--- RECORD EXTRACTS Enclosed Below ---
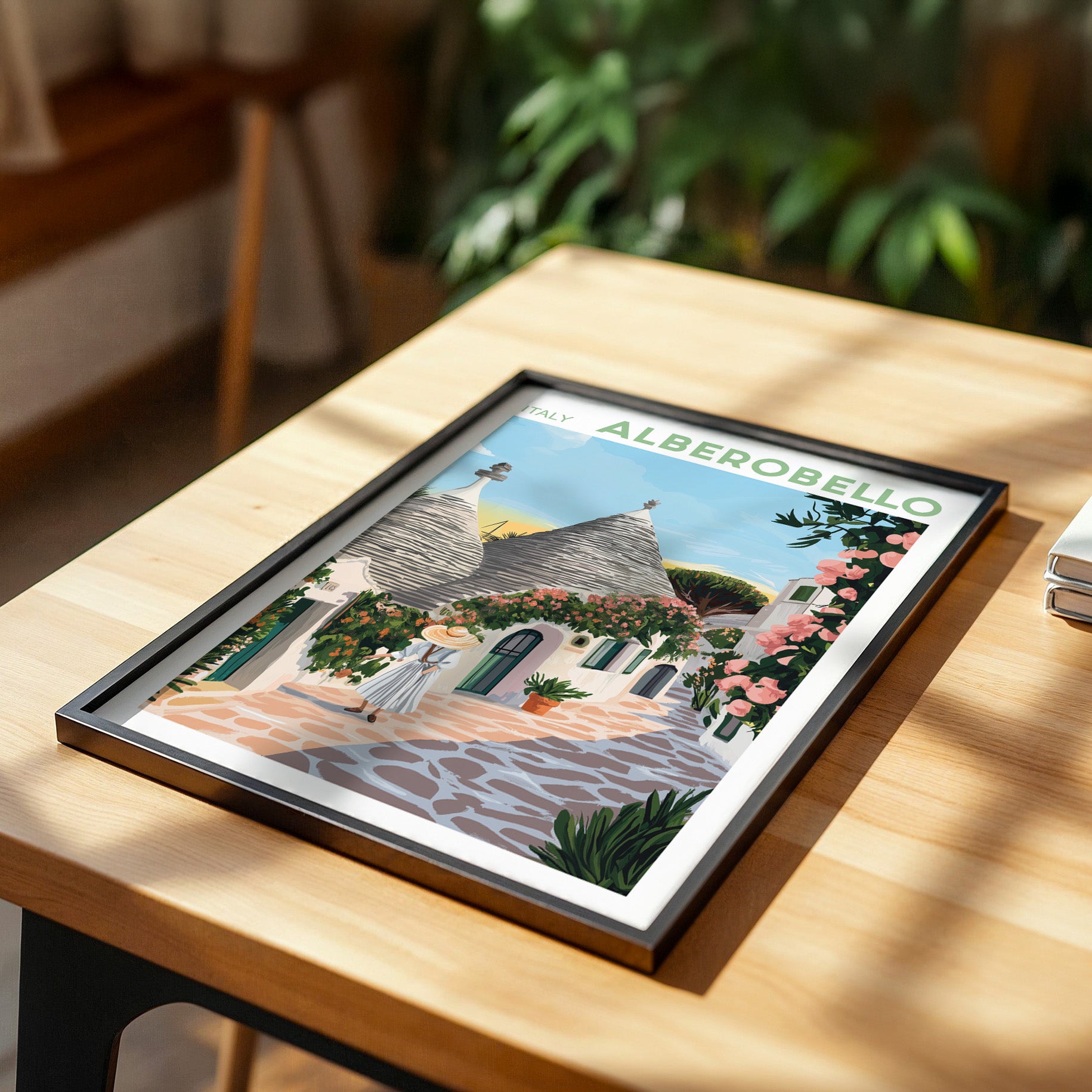 Celebrate the charm of southern Italy with this delightful Alberobello poster. This Italy art print captures the picturesque whitewashed trulli houses with their cone-shaped roofs, set against the warm Apulian sunshine and cobbled streets lined with flowers.
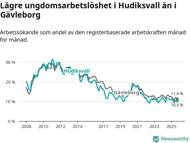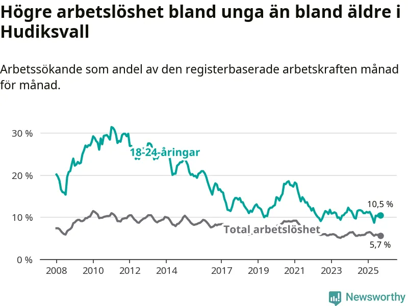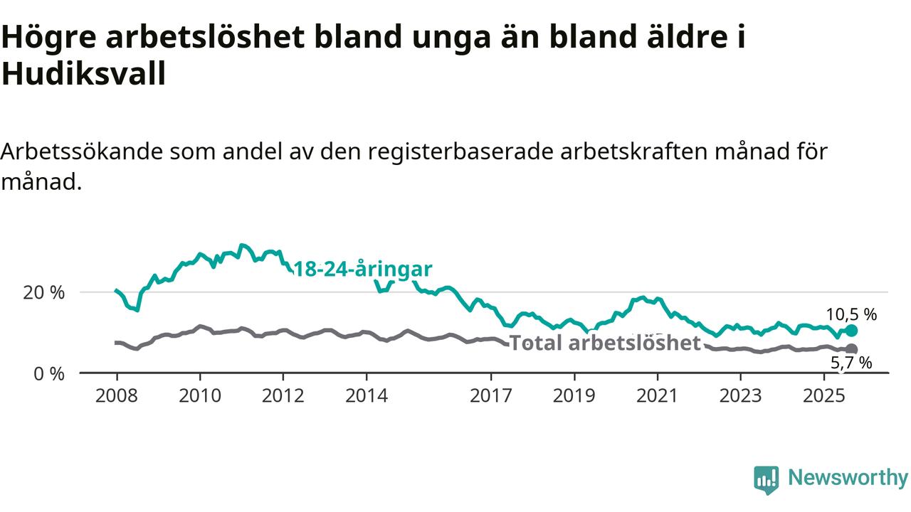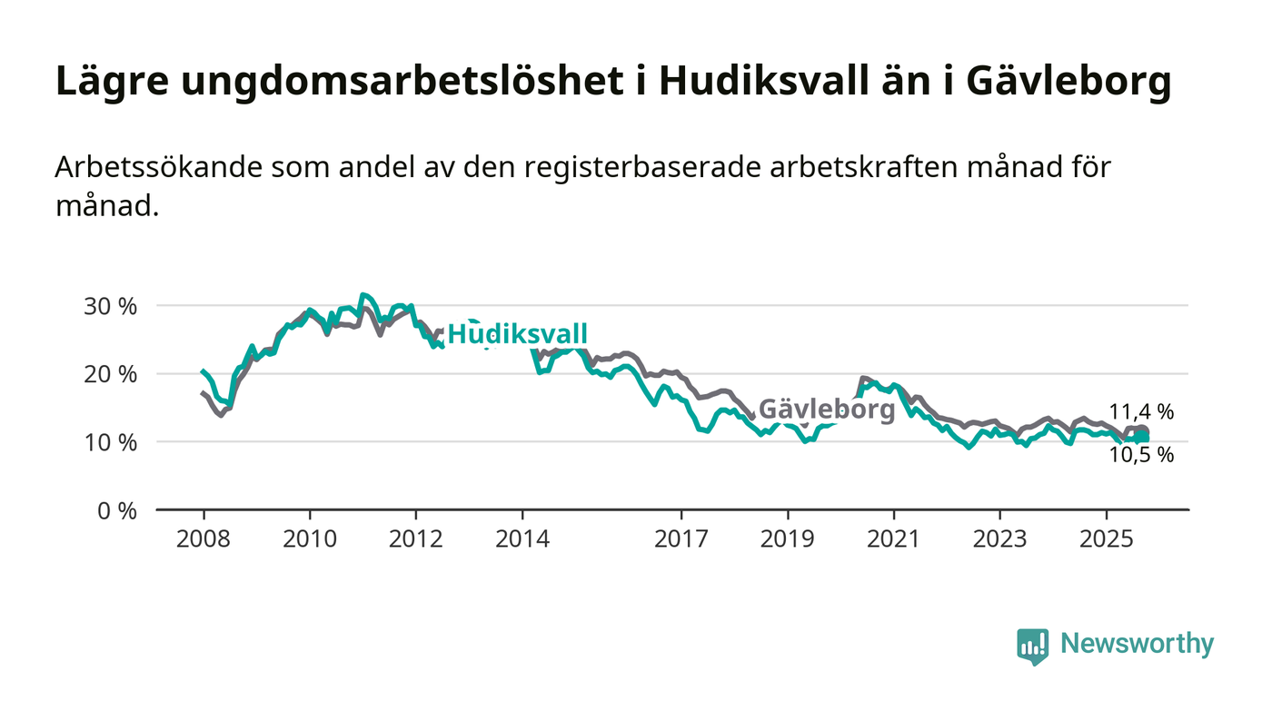 I och med den senaste månadens nedgång har de ungas arbetslöshet i Hudiksvall sjunkit elva månader i följd (ner från 11,0 procent i oktober 2024 till 10,5 procent nu).
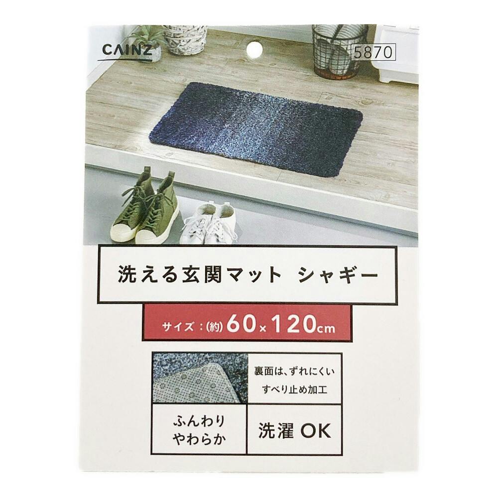 洗える玄関マット シャギー ネイビー 60×120cm
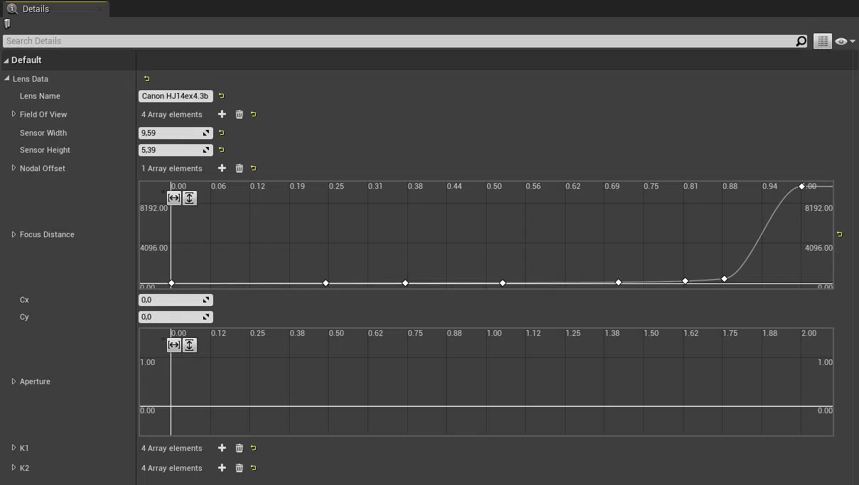 Nodal Offset : The nodal offset of the optical system. The x-axis of the curve is the Zoom value between [0; 1] and the y-axis the Nodal Offset in cm from the sensor
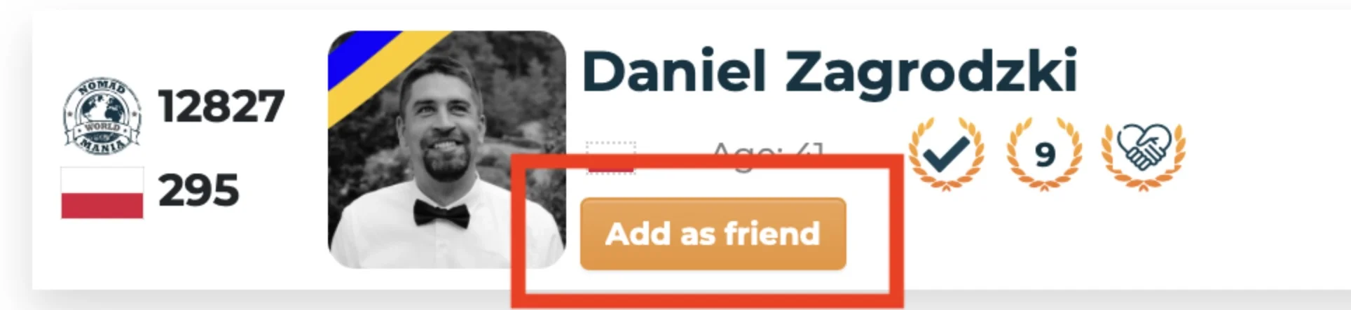 Simply visit someone’s NomadMania profile and look for the “Add as Friend” button. It’s right there, waiting for you to click and connect.
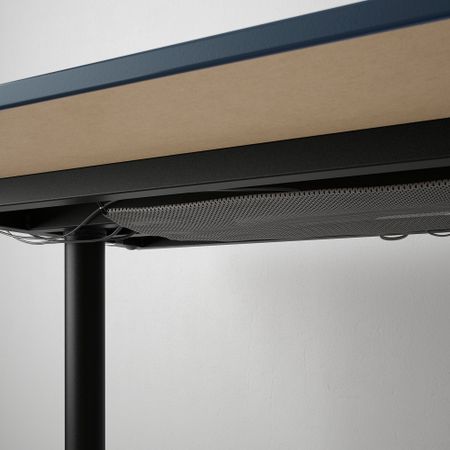 Высота ножек стола легко регулируется до 59, 66 или 72 см. Вы можете аккуратно собрать кабели и удлинители, поместив их в специальный держатель между ножками стола. Во избежание опрокидывания всю комбинацию необходимо поставить у стены.
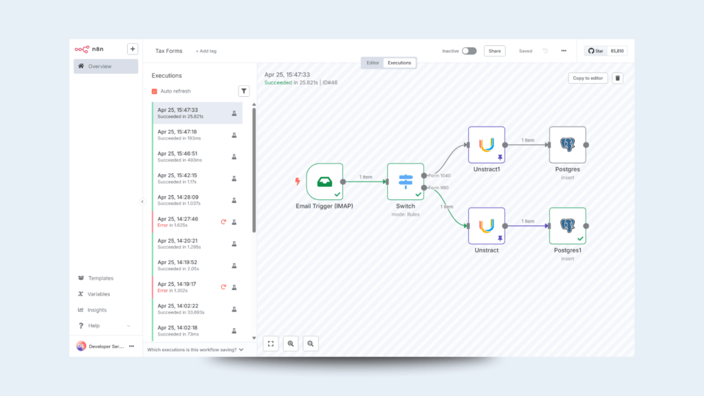 With n8n’s powerful branching and retry capabilities, you can filter incoming emails, parse subject lines to identify form types, and route attachments through the appropriate processing paths, all under your data governance.
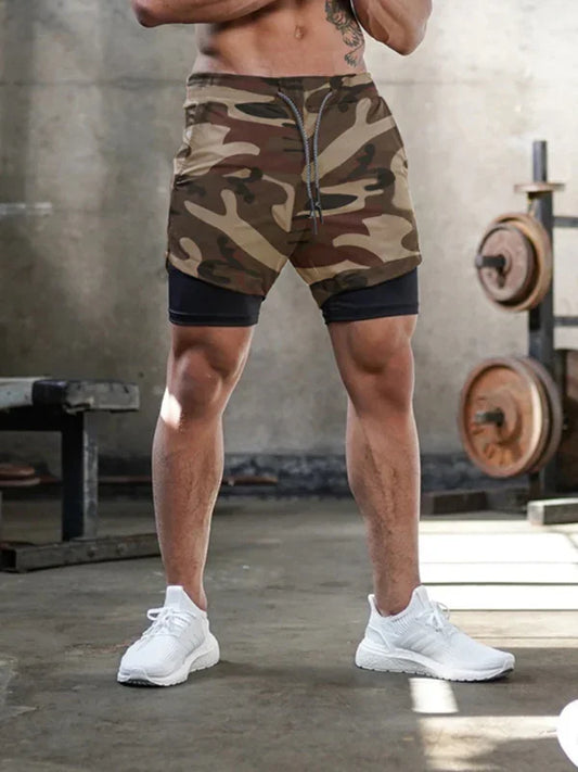 男士二合一运动短裤 全身迷彩印花抽绳短裤
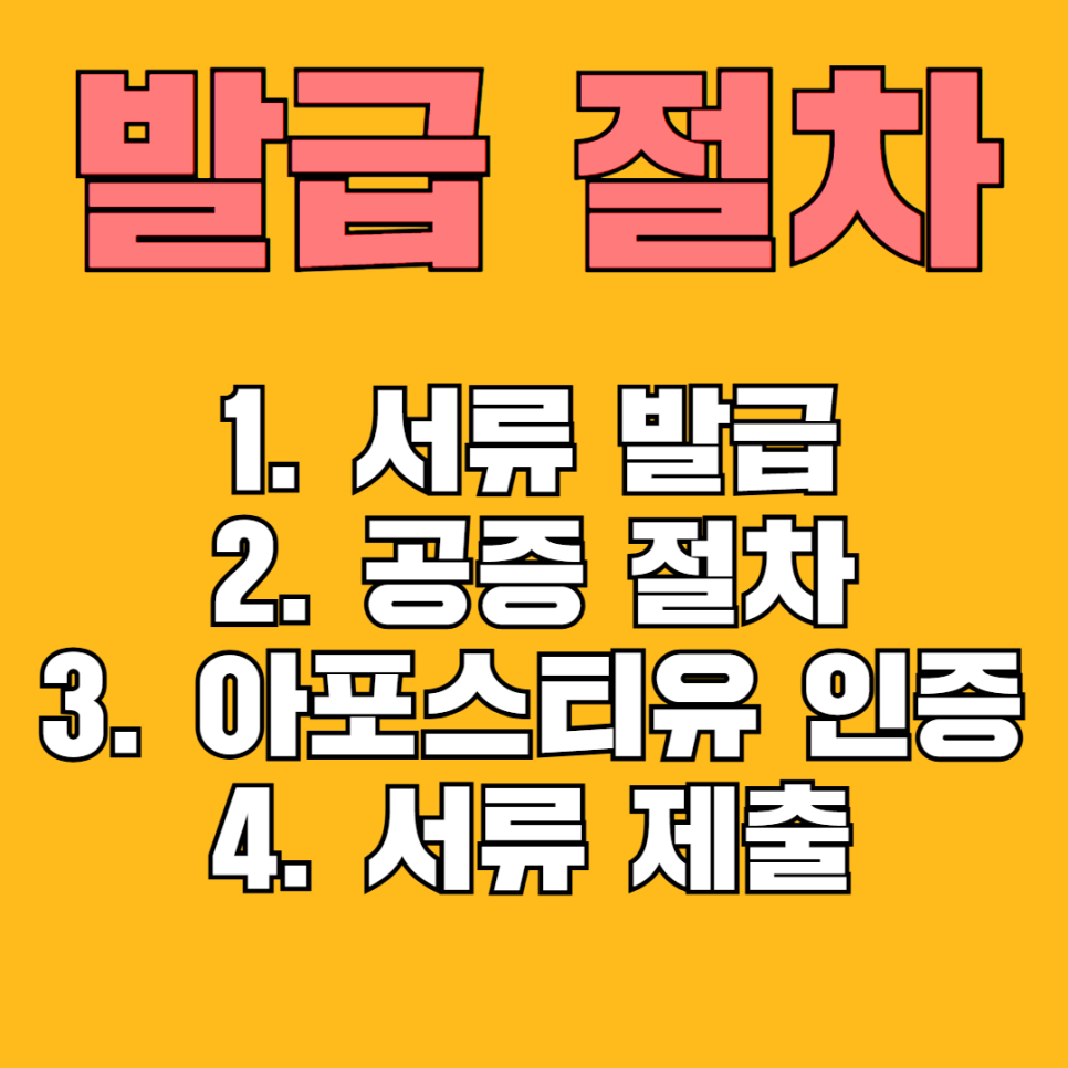 발급 / 공증 / 아포스티유 / 번역 공증 / 제출까지의 절차를
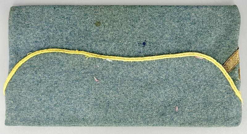 Passepoil, liseré jonquille abimé par endroits , des traces d'usage et usures sur le drap, quelques minuscules trous de mites.
--- End of Enclosed RECORD EXTRACTS ---
**WHAT THIS TASK INVOLVES:** Only the pictures are to be left out, and all of the data must otherwise be transcribed exactly.

**ANSWER SECTION:**
 Celebrate the charm of southern Italy with this delightful Alberobello poster. This Italy art print captures the picturesque whitewashed trulli houses with their cone-shaped roofs, set against the warm Apulian sunshine and cobbled streets lined with flowers.
 I och med den senaste månadens nedgång har de ungas arbetslöshet i Hudiksvall sjunkit elva månader i följd (ner från 11,0 procent i oktober 2024 till 10,5 procent nu).
 洗える玄関マット シャギー ネイビー 60×120cm
 Nodal Offset : The nodal offset of the optical system. The x-axis of the curve is the Zoom value between [0; 1] and the y-axis the Nodal Offset in cm from the sensor
 Simply visit someone’s NomadMania profile and look for the “Add as Friend” button. It’s right there, waiting for you to click and connect.
 Высота ножек стола легко регулируется до 59, 66 или 72 см. Вы можете аккуратно собрать кабели и удлинители, поместив их в специальный держатель между ножками стола. Во избежание опрокидывания всю комбинацию необходимо поставить у стены.
 With n8n’s powerful branching and retry capabilities, you can filter incoming emails, parse subject lines to identify form types, and route attachments through the appropriate processing paths, all under your data governance.
 男士二合一运动短裤 全身迷彩印花抽绳短裤
 발급 / 공증 / 아포스티유 / 번역 공증 / 제출까지의 절차를
 Passepoil, liseré jonquille abimé par endroits , des traces d'usage et usures sur le drap, quelques minuscules trous de mites.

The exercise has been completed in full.